Supreme Court Limits Presidential Tariffs; New Trade Investigations Launched
Summary
The Supreme Court ruled that the International Emergency Economic Powers Act did not authorize President Trump to impose sweeping tariffs, striking down over $100 billion in revenue. The administration has since launched new trade investigations under Section 301 of the Trade Act of 1974 and imposed temporary tariffs under Section 122.
What changed
The Supreme Court's February 2026 decision in Learning Resources v.
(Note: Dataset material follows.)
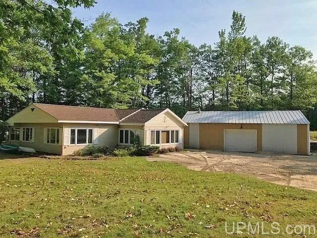 Tranquil lake views await on this 5+ acre parcel! A great opportunity to own a 2 BR home on 5.09 acres with a private pond and on 171 acre Town Corner Lake, one of the largest lakes in Marinette County. Features an open concept KT/DR/LR. Office/den, 3 season room, and mudroom. Offers a scenic view from almost every window in the house! Large 40 x 30 det. garage. Sheds for extra storage. The patio offers a nice scenic view of the lake; a great place to hang out after a long day of playing on the lake and the ATV trails. All located on a 5.09 wooded acre parcel for seclusion, private pond, and with approx. 395 of frontage on the lake. And it's within an hours drive from Green Bay. Full recreational fun all year long!

Trump (6-3) held that the International Emergency Economic Powers Act (IEEPA) did not grant the president authority to impose broad tariffs via executive orders, invalidating tariffs that generated over $100 billion. The ruling's impact on refunds for tariffs already paid remains unresolved. In response, the administration has initiated new trade actions, including imposing 10% global tariffs under Section 122 of the Trade Act of 1974, which are temporary and require congressional approval for extension beyond 150 days. Legal challenges to these Section 122 tariffs have already been filed.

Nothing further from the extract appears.